HX Data Platform High Availability Overview

The HX Data Platform High Availability (HA) feature ensures that the storage cluster maintains at least two copies of all your data during normal operation with three or more fully functional nodes.

If nodes or disks in the storage cluster fail, the cluster's ability to function is affected. If more than one node fails or one node and disk(s) on a different node fail, it is called a simultaneous failure.

The number of nodes in the storage cluster, combined with the Data Replication Factor and Access Policy settings, determine the state of the storage cluster that results from node failures.


Note

Before using the HX Data Platform HA feature, enable DRS and vMotion on the vSphere Web Client.


Storage Cluster Status

HX Data Platform storage cluster status information is available through HX Connect, the HX Data Platform Plug-in, and the storage controller VM stcli commands. Storage cluster status is described through resiliency and operational status values.

Storage cluster status is described through the following reported status elements:

  • Operational Status—Describes the ability of the storage cluster to perform the functions storage management and storage cluster management of the cluster. Describes how well the storage cluster can perform operations.

  • Resiliency Status—Describes the ability of the storage clusters to tolerate node failures within the storage cluster. Describes how well the storage cluster can handle disruptions.

The following settings take effect when the storage cluster transitions into particular operational and resiliency status states.

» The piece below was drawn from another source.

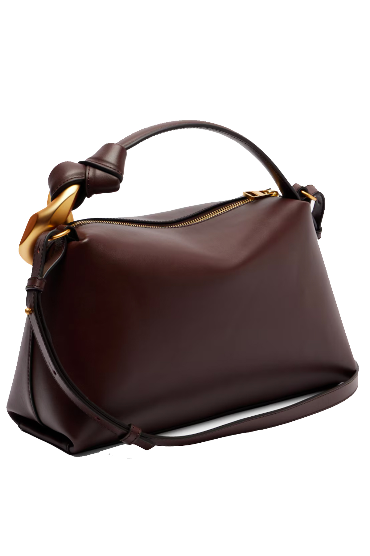 Smooth-grain calfskin, engraved front logo, gold-tone chain detail, top zip closure, adjustable and removable shoulder strap, top handle, single compartment, internal gusseted pocket, fully lined.

  • Data Replication Factor —Sets the number of redundant data replicas.

  • Cluster Access Policy—Sets the level of data protection and data loss.

Operational Status Values

Cluster Operational Status indicates the operational status of the storage cluster and the ability for the applications to perform I/O.

The Operational Status options are:

  • Online―Cluster is ready for IO.

  • Offline―Cluster is not ready for IO.

  • Out of space—Either the entire cluster is out of space or one or more disks are out of space. In both cases, the cluster cannot accept write transactions, but can continue to display static cluster information.

  • Readonly―Cluster cannot accept write transactions, but can continue to display static cluster information.

  • Unknown―This is a transitional state while the cluster is coming online.

Other transitional states might be displayed during cluster upgrades and cluster creation.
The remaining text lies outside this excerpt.